CAP Theorem & NoSQL Databases
The CAPtheorem is also known as Brewer’s after computer scientist Eric Brewer. It was published as the CAP principle 1999 and was presented as a conjecture by Brewer at the Symposium on principles of Distributed computing (PODC) in 2000.
What is CAP Theorem?
CAP theorem states that it’s impossible for a distributed data store to simultaneously provide more than two out of the following three,
➊ Consistency
Every read receives the most recent data written to the data store.
➋ Availability
Every request receives a responce, but no guarantee that it contains the most recent write.
➌ Partition tolerance
The system will continue to operate despite an arbitry number of messages being delayed or dropped among the network nodes.
Systems are categorized under three categories by the CAP theorem.
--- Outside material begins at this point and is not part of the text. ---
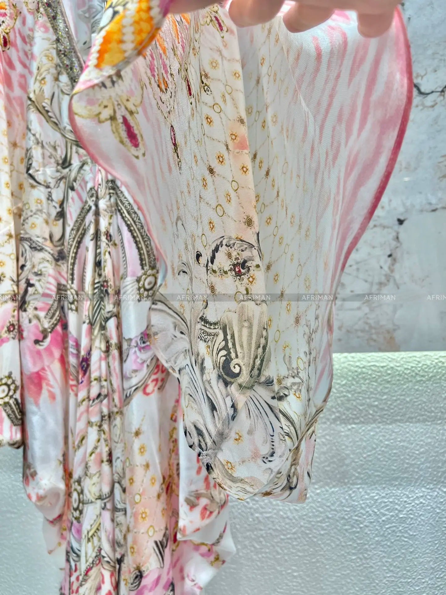 This exquisite designer dress effortlessly combines boldness and elegance, making it a standout piece for women who appreciate both style and comfort. Featuring a slight stretch for ease of movement, this dress is crafted from a luxurious blend of silk and cotton. The eye-catching leopard print gives it a fierce, fashion-forward edge, while the intricate beading along the V-neckline adds a touch of vintage sophistication.

CP (Consistency and partition tolerant)
Systems under this category are often misunderstood as consistency and partition tolerant but never available, but it is referring to a set of systems where availability is sacrificed only in the case of a network partition.
CA (Consistency and Availability)
Systems under this category are consistent and avalilable systems in the absence of any network partition. single node’s db servers are often considered as CA system as they do not need to deal with partition tolerance.
AP (Availability and partition tolerance)
Systems under this category are available and partition tolerant but cannot guarantee consistency.
What is NoSQL?
It is a non-relational DMS that doesn’t need a fixed schema and mainly centered on the concept of distributed database. It’s commonly known that NoSQL databases are databases that store data in a format other than relational tables.
Comparing to SQL databases many find modeling relationship data in NoSQL to be easier because related data doesn’t have to be split between tables.
NoSQL data models allow related data to be nested within a single data structure.
Documented Databases
examples: MongoDB, CouchDB, OrientDB, RavenDB
Graph Databases
examples: Infinite Graph, Flock DB, InfoGrid, Neo4J
Column Based
examples: BigTable, Hypertable, HBase, Cassandra
Key-value Databases
examples: DynanoDB, Redis, Scalaris, Memcached
NoSQL Databases in CAP Theorem
CA (Consistency and Availability)
examples: MongoDB, Hbase, Redis, etc
AP (Availability and partition tolerance)
examples: CouchDB, Cassandra, DynamoDB, Riak ,etc
This is a very common diagram that shows database categorization in CAP theorem, but this distribution is not entirely correct because categorizing all RDBMS under consistency is problematic as all reads and writes go to a single node/server and also there were some other conflicts raised.
The Blockchain technology sacrifices consistency for availability and partition tolerance but managed to achieve consistency through validation among the nodes over time challenging the CAP theorem.
Also, the CAP theorem is often misunderstood as one has to abandon one of the three guarantees but the real choice is between consistency and availability only when a network partition or a failure happens, at other times no trade-off has to be made.
Conclusion
In this blog post, we have analyzed the cap theorem and how NoSQL databases are categorized under them.
I hope you found this article useful!